Ils relèvent du patrimoine culturel de cette communauté.
Ils sont codifiés dans des documents écrits (code écrit) ou selon un langage (code oral)
admis par cette communauté.
Ils sont caractérisés par des propriétés sémantiques et syntaxiques (de l’écrit ou de
l’oral) et non par des propriétés de la cognition.
Les textes d’un programme d’études relèvent des savoirs codifiés. Les constructions par les
personnes, à propos des contenus de ces programmes, relèvent de leurs connaissances. Il n’y
a pas nécessairement de correspondance entre les contenus des programmes d’études et les
connaissances des personnes. En effet, chacun construit ses connaissances en fonction de ses
propres expériences. Souvent, il y a conflit entre les savoirs codifiés et les connaissances des
personnes (Jonnaert, 1988). Dans certains pays, les programmes d’études sont conçus
indépendamment des savoirs traditionnels des communautés.

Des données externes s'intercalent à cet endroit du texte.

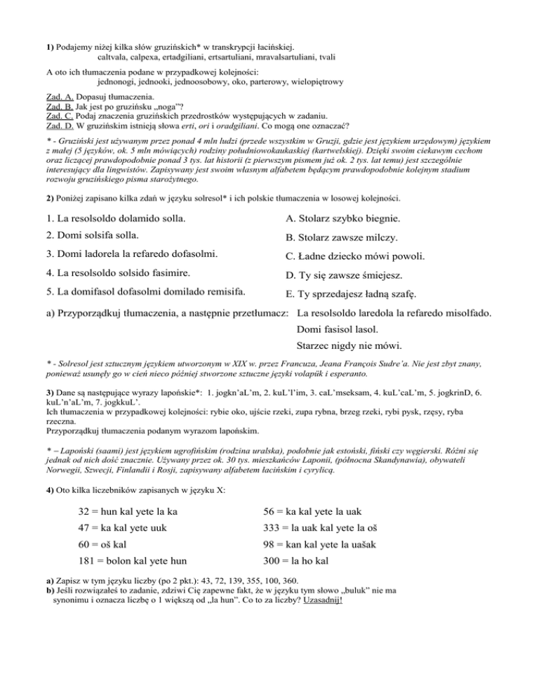 1) Podajemy niżej kilka słów gruzińskich* w transkrypcji łacińskiej. caltvala, calpexa, ertadgiliani, ertsartuliani, mravalsartuliani, tvali A oto ich tłumaczenia podane w przypadkowej kolejności: jednonogi, jednooki, jednoosobowy, oko, parterowy, wielopiętrowy Zad. A. Dopasuj tłumaczenia. Zad. B. Jak jest po gruzińsku „noga”? Zad. C. Podaj znaczenia gruzińskich przedrostków występujących w zadaniu. Zad. D. W gruzińskim istnieją słowa erti, ori i oradgiliani. Co mogą one oznaczać? * - Gruziński jest używanym przez ponad 4 mln ludzi (przede wszystkim w Gruzji, gdzie jest językiem urzędowym) językiem z małej (5 języków, ok. 5 mln mówiących) rodziny południowokaukaskiej (kartwelskiej). Dzięki swoim ciekawym cechom oraz liczącej prawdopodobnie ponad 3 tys. lat historii (z pierwszym pismem już ok. 2 tys. lat temu) jest szczególnie interesujący dla lingwistów. Zapisywany jest swoim własnym alfabetem będącym prawdopodobnie kolejnym stadium rozwoju gruzińskiego pisma starożytnego. 2) Poniżej zapisano kilka zdań w języku solresol* i ich polskie tłumaczenia w losowej kolejności. 1. La resolsoldo dolamido solla. A. Stolarz szybko biegnie. 2. Domi solsifa solla. B. Stolarz zawsze milczy. 3. Domi ladorela la refaredo dofasolmi. C. Ładne dziecko mówi powoli. 4. La resolsoldo solsido fasimire. D. Ty się zawsze śmiejesz. 5. La domifasol dofasolmi domilado remisifa. E. Ty sprzedajesz ładną szafę. a) Przyporządkuj tłumaczenia, a następnie przetłumacz: La resolsoldo laredola la refaredo misolfado. Domi fasisol lasol. Starzec nigdy nie mówi. * - Solresol jest sztucznym językiem utworzonym w XIX w. przez Francuza, Jeana François Sudre’a. Nie jest zbyt znany, ponieważ usunęły go w cień nieco później stworzone sztuczne języki volapük i esperanto. 3) Dane są następujące wyrazy lapońskie*: 1. jogkn’aL’m, 2. kuL’l’im, 3. caL’mseksam, 4. kuL’caL’m, 5. jogkrinD, 6. kuL’n’aL’m, 7. jogkkuL’. Ich tłumaczenia w przypadkowej kolejności: rybie oko, ujście rzeki, zupa rybna, brzeg rzeki, rybi pysk, rzęsy, ryba rzeczna. Przyporządkuj tłumaczenia podanym wyrazom lapońskim. * − Lapoński (saami) jest językiem ugrofińskim (rodzina uralska), podobnie jak estoński, fiński czy węgierski. Różni się jednak od nich dość znacznie. Używany przez ok. 30 tys. mieszkańców Laponii, (północna Skandynawia), obywateli Norwegii, Szwecji, Finlandii i Rosji, zapisywany alfabetem łacińskim i cyrylicą. 4) Oto kilka liczebników zapisanych w języku X: 32 = hun kal yete la ka 56 = ka kal yete la uak 47 = ka kal yete uuk 333 = la uak kal yete la oš 60 = oš kal 98 = kan kal yete la uašak 181 = bolon kal yete hun 300 = la ho kal a) Zapisz w tym języku liczby (po 2 pkt.): 43, 72, 139, 355, 100, 360. b) Jeśli rozwiązałeś to zadanie, zdziwi Cię zapewne fakt, że w języku tym słowo „buluk” nie ma synonimu i oznacza liczbę o 1 większą od „la hun”. Co to za liczby? Uzasadnij! Przetłumacz (chyba wszystkie słowa daje się albo zgadnąć, albo ustalić na podstawie tego, co już o esperancie wiemy!): Ĉu il parolis angle? Ne, il parolis pole. Ĉu ŝi komprenas itale? Jes, ŝi parolas itale tre bene. Ili ne komprenas vin. Ni parolos ruse. Dankon, mi ne komprenas esperante kaj mi preferas paroli mian lingvon. Ĉu ti vedas lian patron?, Ne, ... [uzupełnij!] Mi estas Polo. Bardzo dziękuję. Jesteś Polką? Rozumiem wasz język. Widzi Pani ich mamę? 3) Oto kilka zdań w języku papiamentu* wraz z tłumaczeniami: 1. Mi ta atimabo. = Kocham cię. 2. Bo yiu homber tabata mira Piter. = Twój syn widział Piotra. 3. E ruman homber ta korda e muhé. = Brat ją wspomina. 4. Mi ruman muhé ta laba e mucha muhé. = Moja siostra myje dziewczynkę. 5. Maria tabata salbabosnan. = Maria was uratowała. 6. Bosnan lo mustra nos buki. = Pokażecie naszą książkę. Przetłumacz: Bo ta labanos. Piter lo mira mi yiu muhé. Maria tabata korda e buki. Kochasz nas. Piotr kochał córkę. Chłopiec mnie widział. On umyje chłopca. Nasz syn zobaczy książkę. Wspominamy Marię. E ruman ta mira e yiu. * - Papiamentu to język powstały w II poł. XVII w. na należących do Holandii wyspach „ABC” (Aruba, Bonaire i Curaçao [wym. „kuresau”]), leżących na M. Karaibskim w archipelagu Małych Antyli; jest mieszanką używanych przez tamtejszych Indian i Afrykańczyków zniekształconych wersji portugalskiego, galicyjskiego (język używany w Galicji – regionie północno-zachodniej Hiszpanii) i hiszpańskiego z domieszkami holenderskiego, angielskiego i francuskiego oraz ich języków ojczystych; jeden z niewielu języków kreolskich używanych do dziś (200-300 tys. mówiących, literatura), wśród nich dość wyjątkowy jako język tonalny (ton głosu może decydować o znaczeniu wyrazu). Zad. 2 (A.G. Pazelskaja, zadanie z I etapu XXXIII Tradycyjnej Otwartej Olimpiady Lingwistyki i Matematyki, Moskwa 2002) Oto drzewo genealogiczne pewnej baskijskiej rodziny: Znakami zapytania zastąpiono imiona Ines, Kontxi, Felix i Andres (w niewiadomym porządku). Oto kilka relacji między członkami tej rodziny zapisanych po baskijsku *: Ines Mikelen emaztea da. Monika Kontxiren ahizpa da. Inma Manuren arreba da. Iker Joseparen senarra da. Mikel Felixen anaia da. Andres Iboneren neba da. Ibone eta Felix senar-emazteak dira. Andres eta Ibone Emilioren seme-alabak dira. Manu Iboneren semea da. Ibone, Ines, Inma, Josepa, Miren, Monika to imiona żeńskie; Andres, Emilio, Felix, Iker, Manu, Mikel – – męskie. Litery s i x czyta się podobnie jak polskie sz, z – jak polskie s, tx – jak miękkie cz (angielskie ch), j to polskie dź, h jest nieme. a) Zidentyfikuj znaki zapytania w diagramie (po 1 pkcie). b) Czy z danych zadania można wywnioskować, jakiej płci jest Kontxi? Uzasadnij. (2 pkt.) c) Uzupełnij baskijskie zdania dotyczące tej samej rodziny (po 1 pkcie za zdanie): Kontxi ___ ahizpa da. Ibone Andresen ___ Manu Inmaren ___

Par exemple dans une série de
pays africains, les programmes d’études imposent une arithmétique avec un système de
numération en base 10, alors que les populations utilisent traditionnellement d’autres bases
(Traoré, à paraître).
Les connaissances sont des constructions à travers l’expérience de la personne, à propos
d’une réalité qui lui est extérieure, mais qu’elle ne reproduit pas telle qu’elle. Les
savoirs relèvent du patrimoine culturel d’une communauté, il sont codifiés dans des
textes écrits ou dans des codes oraux.